BEGIN SOURCE DATA
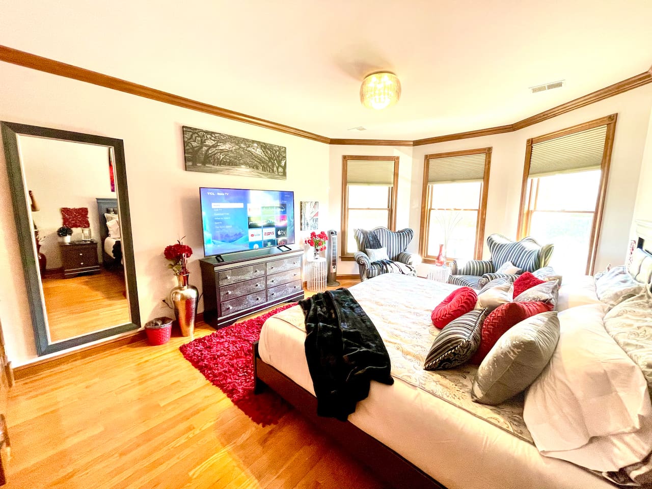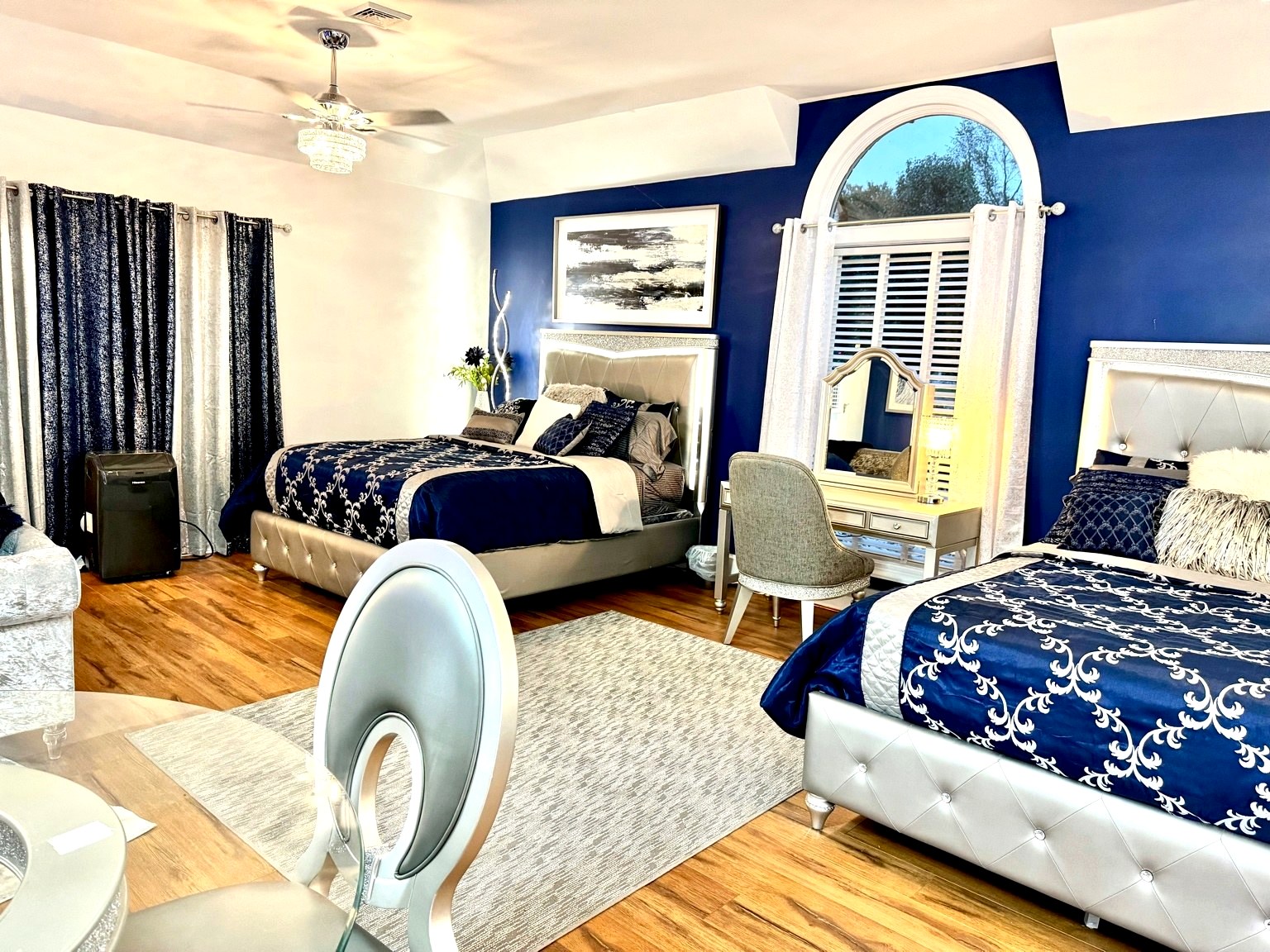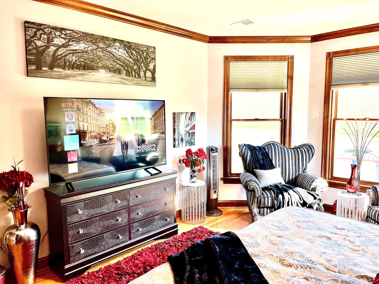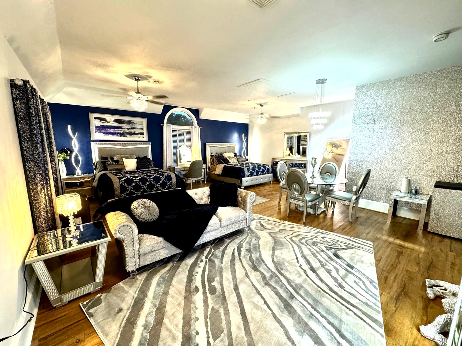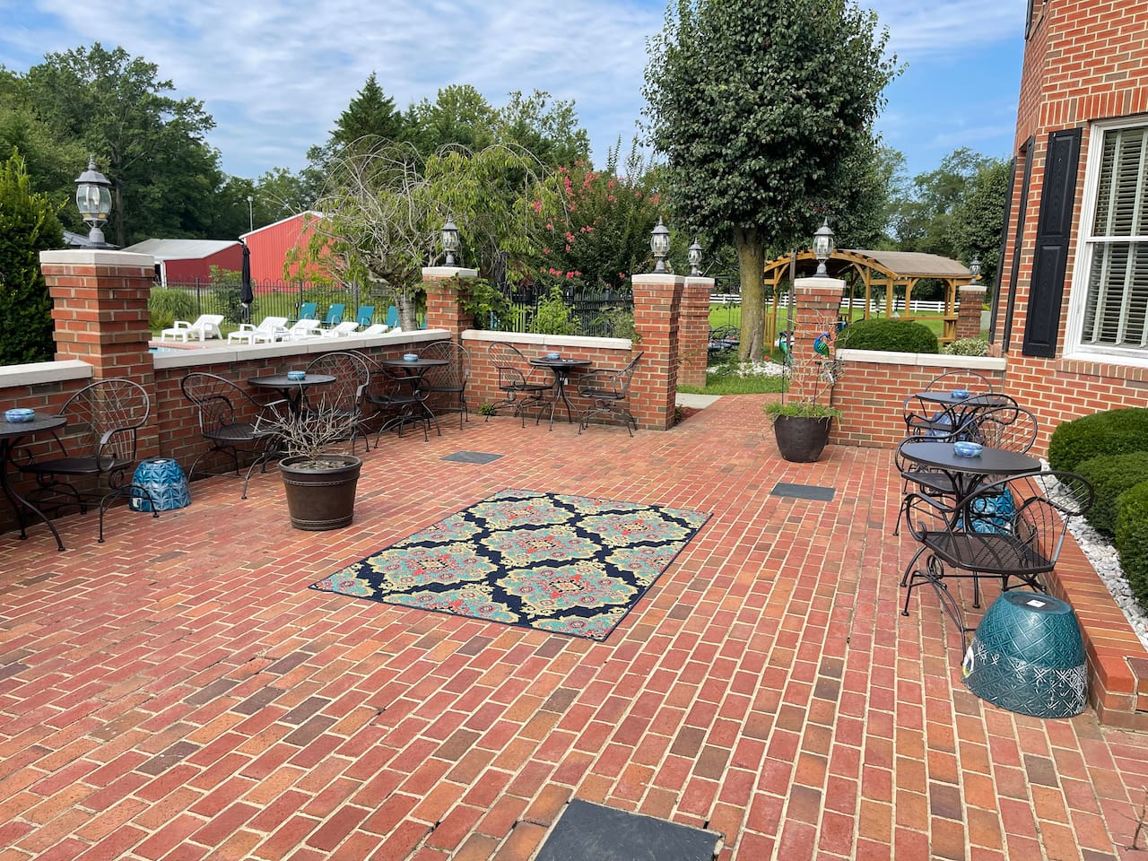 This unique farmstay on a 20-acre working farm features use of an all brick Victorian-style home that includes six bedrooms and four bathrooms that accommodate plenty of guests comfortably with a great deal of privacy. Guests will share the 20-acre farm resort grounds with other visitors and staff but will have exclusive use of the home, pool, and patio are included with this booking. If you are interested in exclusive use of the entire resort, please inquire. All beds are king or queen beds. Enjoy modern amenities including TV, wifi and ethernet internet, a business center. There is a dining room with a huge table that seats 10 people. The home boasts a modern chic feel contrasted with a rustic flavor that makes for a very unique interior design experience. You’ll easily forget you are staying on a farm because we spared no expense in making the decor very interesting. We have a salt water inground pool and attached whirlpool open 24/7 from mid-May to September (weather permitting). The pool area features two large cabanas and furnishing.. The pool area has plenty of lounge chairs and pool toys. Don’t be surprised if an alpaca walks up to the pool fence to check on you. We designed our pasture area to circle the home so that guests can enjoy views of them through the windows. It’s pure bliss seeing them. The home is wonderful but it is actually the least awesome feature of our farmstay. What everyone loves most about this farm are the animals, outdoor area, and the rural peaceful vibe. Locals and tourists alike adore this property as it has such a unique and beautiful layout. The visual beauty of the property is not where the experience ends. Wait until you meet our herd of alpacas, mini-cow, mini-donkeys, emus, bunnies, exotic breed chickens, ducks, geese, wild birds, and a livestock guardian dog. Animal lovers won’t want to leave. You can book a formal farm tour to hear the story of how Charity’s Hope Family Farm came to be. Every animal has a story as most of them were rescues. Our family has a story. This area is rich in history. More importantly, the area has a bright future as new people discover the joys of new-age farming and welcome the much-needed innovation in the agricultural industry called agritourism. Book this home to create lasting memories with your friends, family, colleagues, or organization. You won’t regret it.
END SOURCE DATA
BEGIN SOURCE DATA
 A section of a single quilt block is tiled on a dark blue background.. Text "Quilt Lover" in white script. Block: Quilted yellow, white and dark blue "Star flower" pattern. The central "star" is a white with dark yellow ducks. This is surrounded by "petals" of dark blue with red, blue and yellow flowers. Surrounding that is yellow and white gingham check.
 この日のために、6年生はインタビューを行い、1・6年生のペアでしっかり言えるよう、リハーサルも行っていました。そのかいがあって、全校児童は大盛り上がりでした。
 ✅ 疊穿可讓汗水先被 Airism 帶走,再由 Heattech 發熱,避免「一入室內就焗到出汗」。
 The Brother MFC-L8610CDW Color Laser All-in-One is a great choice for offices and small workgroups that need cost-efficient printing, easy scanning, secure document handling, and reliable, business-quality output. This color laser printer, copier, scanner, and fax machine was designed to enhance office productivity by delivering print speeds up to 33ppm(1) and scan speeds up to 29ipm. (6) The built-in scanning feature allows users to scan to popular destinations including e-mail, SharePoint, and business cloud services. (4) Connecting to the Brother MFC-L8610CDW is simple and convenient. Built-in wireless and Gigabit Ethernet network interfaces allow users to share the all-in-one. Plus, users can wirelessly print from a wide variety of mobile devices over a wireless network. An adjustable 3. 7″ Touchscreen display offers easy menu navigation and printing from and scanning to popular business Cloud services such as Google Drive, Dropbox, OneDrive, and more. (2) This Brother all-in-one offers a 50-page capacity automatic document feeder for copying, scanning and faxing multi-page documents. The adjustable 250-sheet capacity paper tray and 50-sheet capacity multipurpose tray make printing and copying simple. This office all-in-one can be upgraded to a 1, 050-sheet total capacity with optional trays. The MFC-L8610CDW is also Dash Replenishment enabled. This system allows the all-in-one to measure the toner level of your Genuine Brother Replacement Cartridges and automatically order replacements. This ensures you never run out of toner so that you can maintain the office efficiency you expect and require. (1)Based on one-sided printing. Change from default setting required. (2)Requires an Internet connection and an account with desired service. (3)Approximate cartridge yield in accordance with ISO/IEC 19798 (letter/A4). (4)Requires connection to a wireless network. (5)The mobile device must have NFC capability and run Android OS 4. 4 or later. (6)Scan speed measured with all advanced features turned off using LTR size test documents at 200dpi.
END SOURCE DATA
BEGIN SOURCE DATA
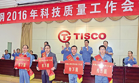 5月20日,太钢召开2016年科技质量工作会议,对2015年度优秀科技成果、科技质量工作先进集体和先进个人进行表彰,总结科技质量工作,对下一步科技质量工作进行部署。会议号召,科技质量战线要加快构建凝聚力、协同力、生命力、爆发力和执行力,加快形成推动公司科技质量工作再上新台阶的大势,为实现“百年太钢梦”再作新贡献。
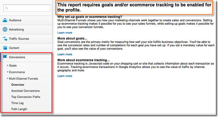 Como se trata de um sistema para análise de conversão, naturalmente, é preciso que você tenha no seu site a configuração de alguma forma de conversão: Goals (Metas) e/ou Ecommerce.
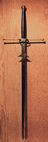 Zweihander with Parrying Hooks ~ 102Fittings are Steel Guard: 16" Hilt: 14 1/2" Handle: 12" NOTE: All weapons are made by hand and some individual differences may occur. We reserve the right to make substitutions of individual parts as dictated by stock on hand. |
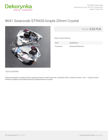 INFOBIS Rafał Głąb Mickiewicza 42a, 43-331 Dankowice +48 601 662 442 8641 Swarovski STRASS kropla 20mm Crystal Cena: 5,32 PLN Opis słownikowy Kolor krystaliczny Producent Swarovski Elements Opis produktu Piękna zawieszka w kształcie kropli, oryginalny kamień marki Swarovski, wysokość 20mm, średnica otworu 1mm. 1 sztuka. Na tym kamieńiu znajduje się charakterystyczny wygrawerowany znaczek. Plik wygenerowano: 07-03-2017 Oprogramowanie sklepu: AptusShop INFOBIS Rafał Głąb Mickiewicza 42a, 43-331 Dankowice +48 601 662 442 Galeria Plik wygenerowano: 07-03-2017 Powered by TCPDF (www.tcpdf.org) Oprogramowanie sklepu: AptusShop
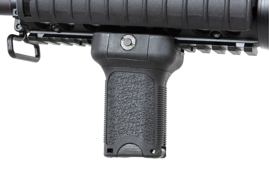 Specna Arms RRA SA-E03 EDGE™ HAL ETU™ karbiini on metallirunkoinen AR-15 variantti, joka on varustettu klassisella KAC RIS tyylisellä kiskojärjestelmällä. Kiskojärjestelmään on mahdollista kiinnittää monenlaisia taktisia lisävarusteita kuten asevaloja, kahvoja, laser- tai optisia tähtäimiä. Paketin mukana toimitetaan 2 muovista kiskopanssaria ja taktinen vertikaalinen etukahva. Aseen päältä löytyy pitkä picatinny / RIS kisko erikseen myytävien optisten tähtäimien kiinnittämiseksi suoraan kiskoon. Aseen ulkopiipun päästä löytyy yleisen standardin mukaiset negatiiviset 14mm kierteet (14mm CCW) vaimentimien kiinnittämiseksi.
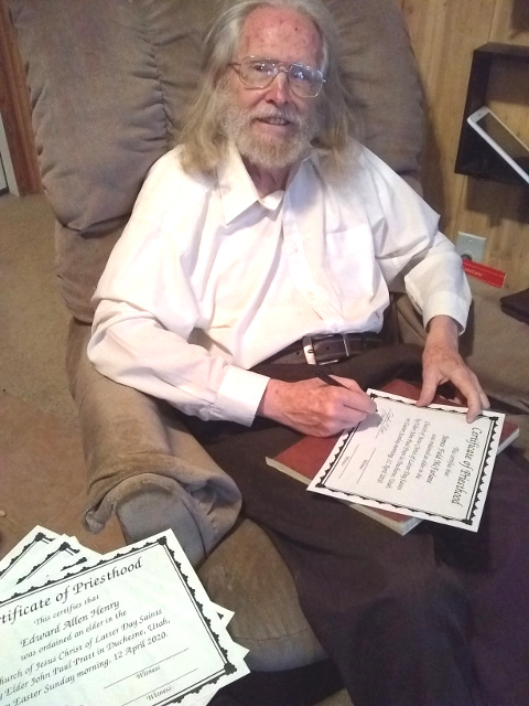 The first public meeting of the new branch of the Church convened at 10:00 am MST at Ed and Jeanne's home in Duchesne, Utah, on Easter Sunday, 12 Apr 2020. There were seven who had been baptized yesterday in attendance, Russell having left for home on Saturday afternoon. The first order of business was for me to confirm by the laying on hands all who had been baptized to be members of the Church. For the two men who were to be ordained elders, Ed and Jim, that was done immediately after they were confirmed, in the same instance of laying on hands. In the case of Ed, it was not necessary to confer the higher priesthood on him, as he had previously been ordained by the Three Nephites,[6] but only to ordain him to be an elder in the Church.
END SOURCE DATA
WORK TO BE COMPLETED:
Output exactly the lines above, from the line with "5月20日,太钢召开2016" to the line with "Zweihander with Parrying", both included; skip the pictures.

SOLUTION FOR THIS PROBLEM:
 5月20日,太钢召开2016年科技质量工作会议,对2015年度优秀科技成果、科技质量工作先进集体和先进个人进行表彰,总结科技质量工作,对下一步科技质量工作进行部署。会议号召,科技质量战线要加快构建凝聚力、协同力、生命力、爆发力和执行力,加快形成推动公司科技质量工作再上新台阶的大势,为实现“百年太钢梦”再作新贡献。
 Como se trata de um sistema para análise de conversão, naturalmente, é preciso que você tenha no seu site a configuração de alguma forma de conversão: Goals (Metas) e/ou Ecommerce.
 Zweihander with Parrying Hooks ~ 102Fittings are Steel Guard: 16" Hilt: 14 1/2" Handle: 12" NOTE: All weapons are made by hand and some individual differences may occur. We reserve the right to make substitutions of individual parts as dictated by stock on hand. |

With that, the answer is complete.